Bandung, CYBERNUSANTARA1.ID — Kepala Kepolisian Daerah Jawa Barat, Irjen Pol. Rudi Setiawan, S.I.K., S.H., M.H., secara resmi membuka Rapat Kerja Teknis (Rakernis) Fungsi Intelkam Tahun Anggaran 2025 di Aula Moeryono, Mapolda Jabar, Selasa (15/7/2025).
Rakernis ini mengangkat tema “Optimalisasi Fungsi Intelkam Polda Jabar Guna Penguatan Polri Presisi dalam Rangka Mendukung Program Asta Cita”, dan dihadiri oleh para pejabat utama Polda Jabar serta jajaran Intelkam dari seluruh Polres di wilayah hukum Jawa Barat.
Dalam sambutannya, Kapolda Jabar menekankan pentingnya fungsi intelijen keamanan (Intelkam) dalam mendukung terwujudnya Polri yang presisi. Ia menyampaikan bahwa intelijen harus mampu mendahului, membersamai, dan mengakhiri setiap dinamika keamanan yang berkembang.
“Fungsi intelijen bukan hanya sebagai pelapor, tetapi mitra strategis dalam pengambilan keputusan.

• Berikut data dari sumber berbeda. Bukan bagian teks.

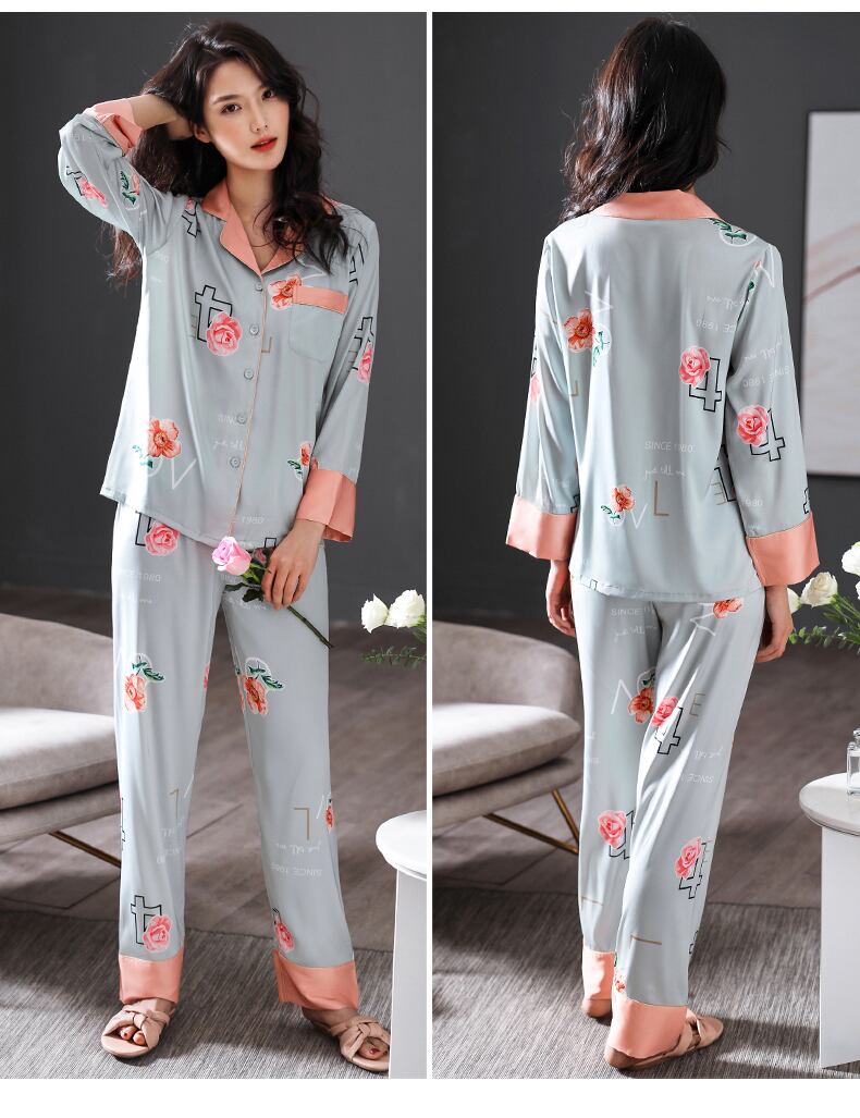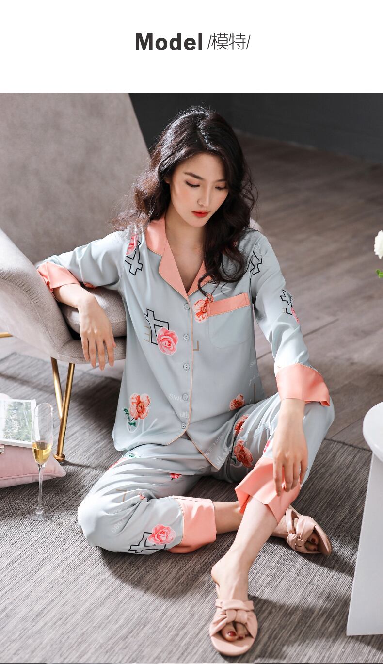 パジャマレディース春夏夏長袖シルクアイスシルクホームサービス春秋薄片人工シルクツーピーススーツ jial30949022010

Maka, dibutuhkan pola pikir yang tajam, kemampuan teknis yang mumpuni, serta integritas moral yang tinggi,” tegas Irjen Pol. Rudi Setiawan.
Kapolda Jabar juga menyampaikan lima penekanan strategis kepada seluruh peserta Rakernis, antara lain:
1. Ketajaman deteksi dan analisis: Intelijen dituntut lebih akurat dan responsif terhadap potensi gangguan Kamtibmas, baik konvensional maupun kontemporer.
2. Penguatan deteksi dan pencegahan dini: Intelijen harus menjadi garda terdepan dalam memberikan peringatan awal kepada pimpinan.
3. Peran sebagai mitra berpikir strategis: Intelijen diharapkan memberi rekomendasi berbasis analisis valid dan terukur.
4. Peningkatan kualitas SDM: Meliputi pola pikir, kemampuan teknis, serta pemahaman mendalam terhadap dunia intelijen.
5. Penguatan sinergi lintas instansi: Baik internal Polri maupun dengan TNI, BIN, BSSN, dan lembaga terkait lainnya.
“Tantangan keamanan saat ini bersifat multidimensi — dari radikalisme, terorisme, kejahatan siber, konflik sosial, hingga disinformasi. Semua ini membutuhkan kerja intelijen yang kolaboratif dan terintegrasi,” ujar Kapolda.
Kapolda Jabar juga menekankan bahwa hasil Rakernis harus direalisasikan dalam bentuk kerja nyata di lapangan. Ia berharap langkah-langkah yang diambil dapat memberikan dampak langsung bagi masyarakat dan mendukung program nasional Asta Cita, khususnya dalam aspek reformasi hukum dan keamanan nasional.
Menutup arahannya, Kapolda berpesan kepada seluruh jajaran Intelkam agar tidak lengah, selalu peka terhadap perubahan situasi, dan menjaga soliditas demi mewujudkan Polri yang profesional, humanis, dan semakin dipercaya publik.